With Paul and Gamay looking on, Kurt marked the landing zone. “If we’re right, Ryland’s pumping station is here. The last satellite pass before the storm showed two heat plumes. One large and one negligible. We have to assume the large flare is a result of the turbines and the geothermal layer they’ve tapped into.”
Joe measured once, scribbled some numbers and then measured again. Shaking his head, he looked up. “We’re still too far out. Even with the extra fuel we loaded on the Jayhawk and a one-way trip in mind.”
At that moment Zama came in. “How goes it, my friends?”
“Up and down,” Kurt said. “How’s the ship?”
“About the same. My men and the Chinese crew who stayed aboard have shored up all the hatches using two-by-fours and other materials. But they’re nervous. And they don’t know what we’re getting into. Do you?”
As Zama spoke, the trawler rolled with another swell. Kurt switched the coffee mug to the other hand and braced against the opposite bulkhead. “It’s going to get worse overnight.”
Zama didn’t look happy. “Then we’re going to be shipping water,” Zama told him. “It only takes one hatch or port to fail and we’ll have flooding inside.”
Kurt wasn’t about to put Zama and his men in danger. “You’ve done more than enough already. I promise you we’ll get off this boat so you turn back north before the bad stuff hits. We just need to get a little closer first.” He pointed to the map and Joe’s measuring stick. “We’re at least two hundred miles out of range. Can you coax any more speed out of this tub?”
“The diesel is old and running hot,” Zama said. “I can’t risk calling for more power. Losing the engine in this storm will be fatal for all of us.”
“Actually,” Joe said, looking up from the chart, “I was wrong.
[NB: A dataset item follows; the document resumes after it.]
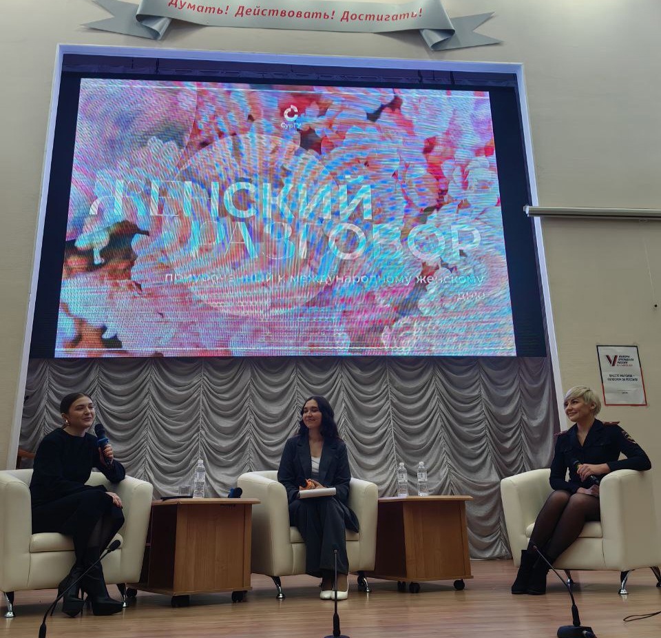 Оперуполномоченный отдела уголовного розыска майор полиции Алена Сергеевна Геншель приняла участие в ставшем традиционном мероприятии Сургутского Государственного университета «Женское счастье». На протяжении нескольких накануне праздника откровенный разговор на самые разные темы проходит между студентками и приглашенными спикерами – известными в Сургуте женщинами. В мероприятии приняли участие порядка трехсот студенток, а темой для беседы стала «роль матери в жизни семьи».

We have to leave now or abort the whole mission.”
Kurt turned back to Joe. “You just said we’re too far away.”
“We are,” Joe said. “But we’re going to get farther away the longer we wait.”
Kurt knew better than to fence with Joe on something mathematical. He had an engineer’s mind and did numbers like a computer. “Care to explain?”
Joe held out a hand. “Coffee mug.”
Kurt handed it over, and Joe placed it down on the chart on a specific spot. “This is the center of the storm.”